## How to complete this task
Take the listing below and print exactly the lines starting at the line containing "There was not" and ending at the line containing "<OCR>Name, Phone Abraham", both ends included, and no others.

## Given records

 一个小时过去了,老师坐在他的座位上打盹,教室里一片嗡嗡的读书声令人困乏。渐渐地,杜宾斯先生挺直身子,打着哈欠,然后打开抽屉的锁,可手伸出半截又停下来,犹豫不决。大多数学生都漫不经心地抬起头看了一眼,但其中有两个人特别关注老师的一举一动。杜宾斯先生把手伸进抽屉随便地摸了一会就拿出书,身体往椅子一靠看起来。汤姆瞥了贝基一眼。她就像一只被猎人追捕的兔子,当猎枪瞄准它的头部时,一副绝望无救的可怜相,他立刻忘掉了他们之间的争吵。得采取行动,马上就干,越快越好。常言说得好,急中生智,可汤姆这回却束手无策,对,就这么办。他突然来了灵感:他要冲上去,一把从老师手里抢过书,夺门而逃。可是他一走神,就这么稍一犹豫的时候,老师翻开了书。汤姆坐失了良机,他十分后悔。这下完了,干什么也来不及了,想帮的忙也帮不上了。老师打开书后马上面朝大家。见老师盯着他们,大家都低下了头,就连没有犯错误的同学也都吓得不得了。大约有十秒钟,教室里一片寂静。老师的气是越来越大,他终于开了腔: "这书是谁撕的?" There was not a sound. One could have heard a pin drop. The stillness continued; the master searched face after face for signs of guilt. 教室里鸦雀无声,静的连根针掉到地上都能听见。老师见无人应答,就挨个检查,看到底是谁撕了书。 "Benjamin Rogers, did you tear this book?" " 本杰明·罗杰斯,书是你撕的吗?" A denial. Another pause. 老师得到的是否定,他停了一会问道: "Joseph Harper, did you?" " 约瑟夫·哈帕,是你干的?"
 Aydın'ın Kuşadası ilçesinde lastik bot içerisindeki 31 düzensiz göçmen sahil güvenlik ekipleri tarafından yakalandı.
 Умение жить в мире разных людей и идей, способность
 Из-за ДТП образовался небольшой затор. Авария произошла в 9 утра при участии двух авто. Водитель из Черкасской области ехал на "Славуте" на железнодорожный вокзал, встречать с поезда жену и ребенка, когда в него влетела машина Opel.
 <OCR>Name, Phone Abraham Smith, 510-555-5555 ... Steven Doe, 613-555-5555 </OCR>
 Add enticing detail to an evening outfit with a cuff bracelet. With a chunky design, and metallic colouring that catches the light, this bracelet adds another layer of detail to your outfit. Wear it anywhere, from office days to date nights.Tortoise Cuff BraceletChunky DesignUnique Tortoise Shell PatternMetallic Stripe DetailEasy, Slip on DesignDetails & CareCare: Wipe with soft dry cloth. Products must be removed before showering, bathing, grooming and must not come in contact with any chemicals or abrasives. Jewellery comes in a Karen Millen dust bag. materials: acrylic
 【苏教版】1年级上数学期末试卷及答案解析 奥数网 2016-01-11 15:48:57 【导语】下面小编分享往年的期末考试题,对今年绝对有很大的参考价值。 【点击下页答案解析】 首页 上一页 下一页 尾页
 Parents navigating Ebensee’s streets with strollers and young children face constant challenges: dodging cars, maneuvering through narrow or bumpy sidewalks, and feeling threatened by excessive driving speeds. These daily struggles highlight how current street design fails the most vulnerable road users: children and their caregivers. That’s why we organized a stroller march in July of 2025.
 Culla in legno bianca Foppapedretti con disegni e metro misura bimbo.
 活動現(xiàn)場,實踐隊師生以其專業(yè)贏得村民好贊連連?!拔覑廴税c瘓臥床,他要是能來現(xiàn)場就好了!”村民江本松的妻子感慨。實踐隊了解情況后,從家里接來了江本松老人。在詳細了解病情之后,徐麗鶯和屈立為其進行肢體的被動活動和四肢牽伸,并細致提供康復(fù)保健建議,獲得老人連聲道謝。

--

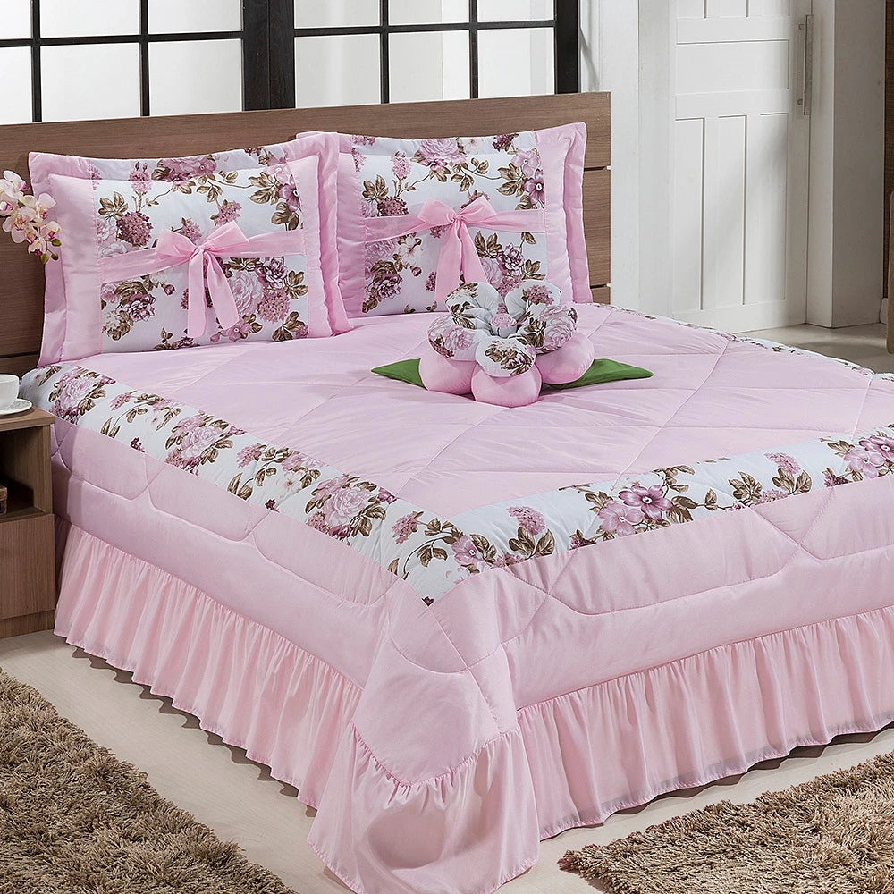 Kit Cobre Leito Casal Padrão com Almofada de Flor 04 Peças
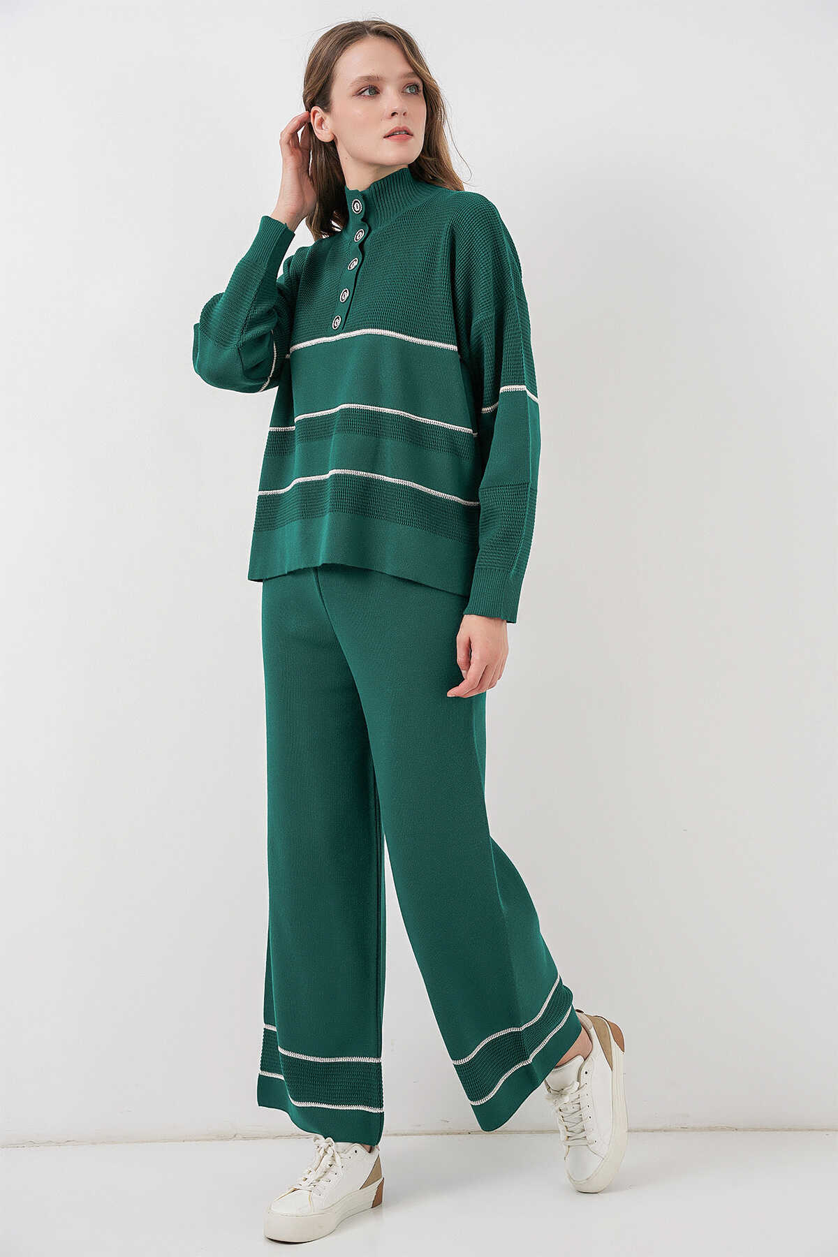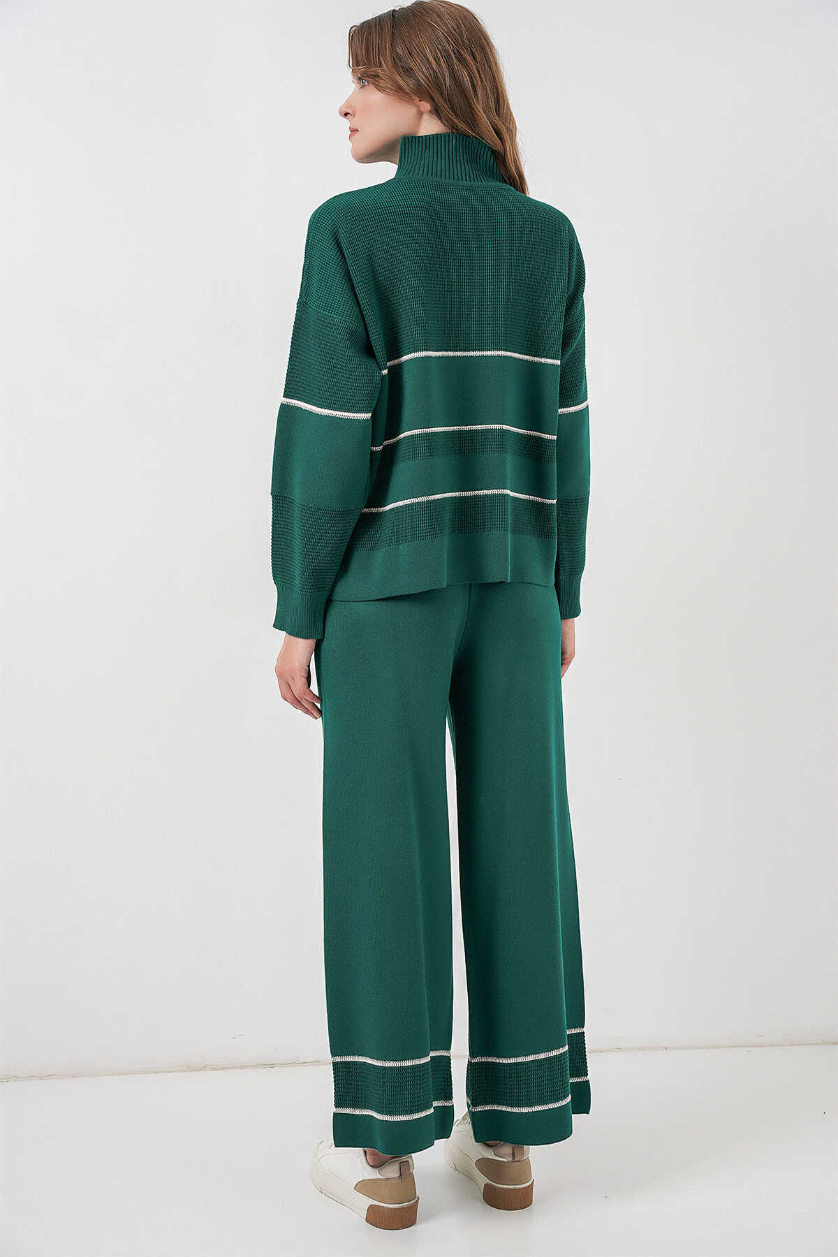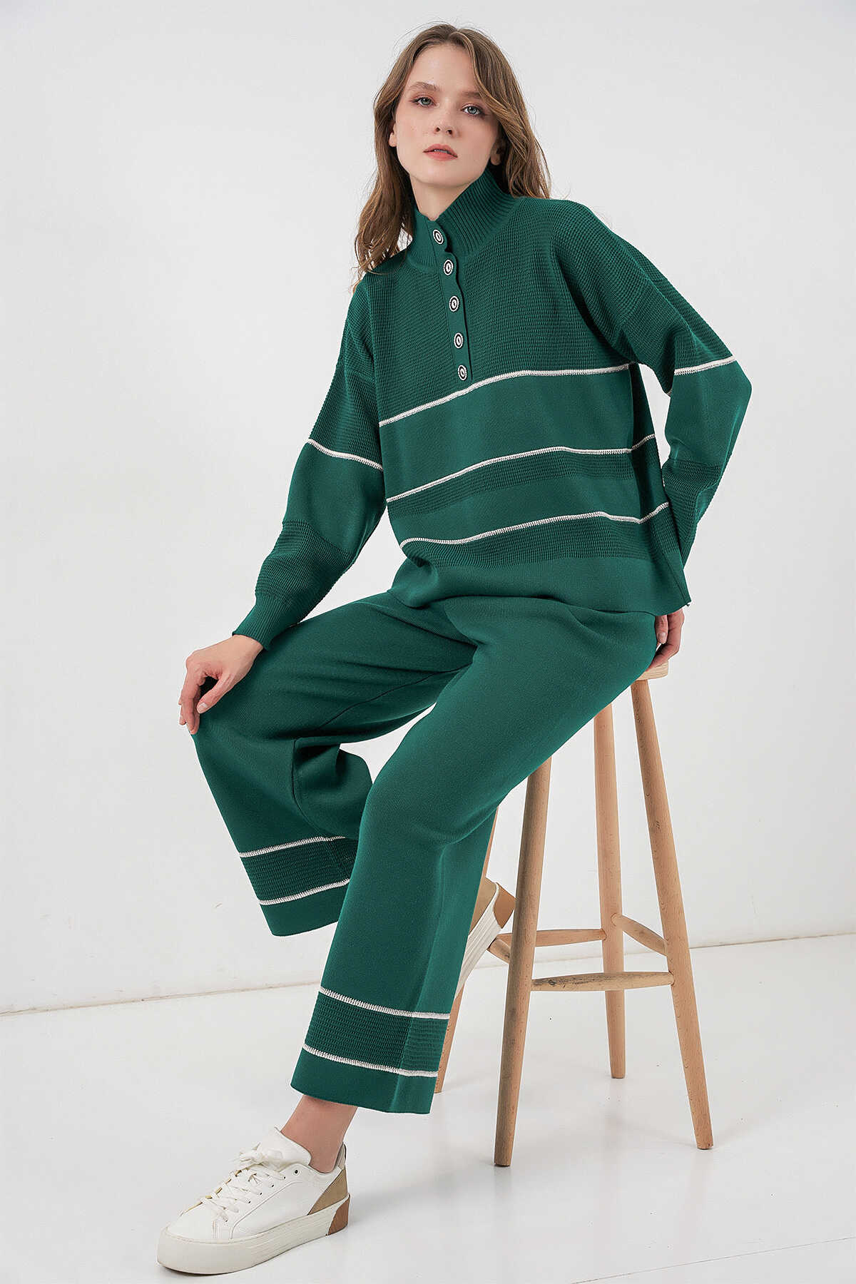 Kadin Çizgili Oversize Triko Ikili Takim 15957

--

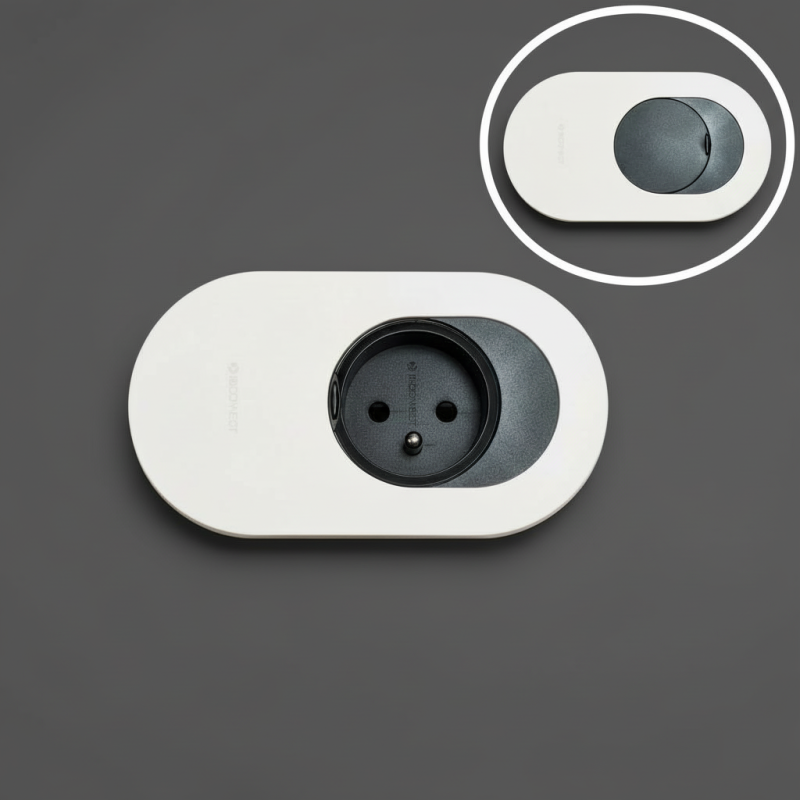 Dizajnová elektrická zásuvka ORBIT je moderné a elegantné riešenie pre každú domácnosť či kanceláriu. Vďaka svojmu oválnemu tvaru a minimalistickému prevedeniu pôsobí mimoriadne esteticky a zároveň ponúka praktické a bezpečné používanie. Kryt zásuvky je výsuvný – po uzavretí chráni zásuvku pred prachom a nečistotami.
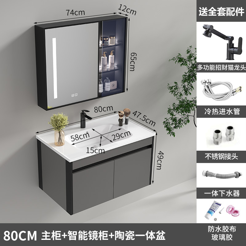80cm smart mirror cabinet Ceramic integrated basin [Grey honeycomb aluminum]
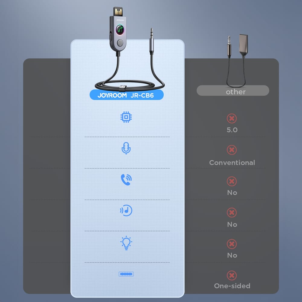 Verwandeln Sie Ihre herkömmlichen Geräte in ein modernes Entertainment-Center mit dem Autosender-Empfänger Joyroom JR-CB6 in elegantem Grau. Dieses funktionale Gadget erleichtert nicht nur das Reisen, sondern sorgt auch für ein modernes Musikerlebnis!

## Exercise output
 一个小时过去了,老师坐在他的座位上打盹,教室里一片嗡嗡的读书声令人困乏。渐渐地,杜宾斯先生挺直身子,打着哈欠,然后打开抽屉的锁,可手伸出半截又停下来,犹豫不决。大多数学生都漫不经心地抬起头看了一眼,但其中有两个人特别关注老师的一举一动。杜宾斯先生把手伸进抽屉随便地摸了一会就拿出书,身体往椅子一靠看起来。汤姆瞥了贝基一眼。她就像一只被猎人追捕的兔子,当猎枪瞄准它的头部时,一副绝望无救的可怜相,他立刻忘掉了他们之间的争吵。得采取行动,马上就干,越快越好。常言说得好,急中生智,可汤姆这回却束手无策,对,就这么办。他突然来了灵感:他要冲上去,一把从老师手里抢过书,夺门而逃。可是他一走神,就这么稍一犹豫的时候,老师翻开了书。汤姆坐失了良机,他十分后悔。这下完了,干什么也来不及了,想帮的忙也帮不上了。老师打开书后马上面朝大家。见老师盯着他们,大家都低下了头,就连没有犯错误的同学也都吓得不得了。大约有十秒钟,教室里一片寂静。老师的气是越来越大,他终于开了腔: "这书是谁撕的?" There was not a sound. One could have heard a pin drop. The stillness continued; the master searched face after face for signs of guilt. 教室里鸦雀无声,静的连根针掉到地上都能听见。老师见无人应答,就挨个检查,看到底是谁撕了书。 "Benjamin Rogers, did you tear this book?" " 本杰明·罗杰斯,书是你撕的吗?" A denial. Another pause. 老师得到的是否定,他停了一会问道: "Joseph Harper, did you?" " 约瑟夫·哈帕,是你干的?"
 Aydın'ın Kuşadası ilçesinde lastik bot içerisindeki 31 düzensiz göçmen sahil güvenlik ekipleri tarafından yakalandı.
 Умение жить в мире разных людей и идей, способность
 Из-за ДТП образовался небольшой затор. Авария произошла в 9 утра при участии двух авто. Водитель из Черкасской области ехал на "Славуте" на железнодорожный вокзал, встречать с поезда жену и ребенка, когда в него влетела машина Opel.
 <OCR>Name, Phone Abraham Smith, 510-555-5555 ... Steven Doe, 613-555-5555 </OCR>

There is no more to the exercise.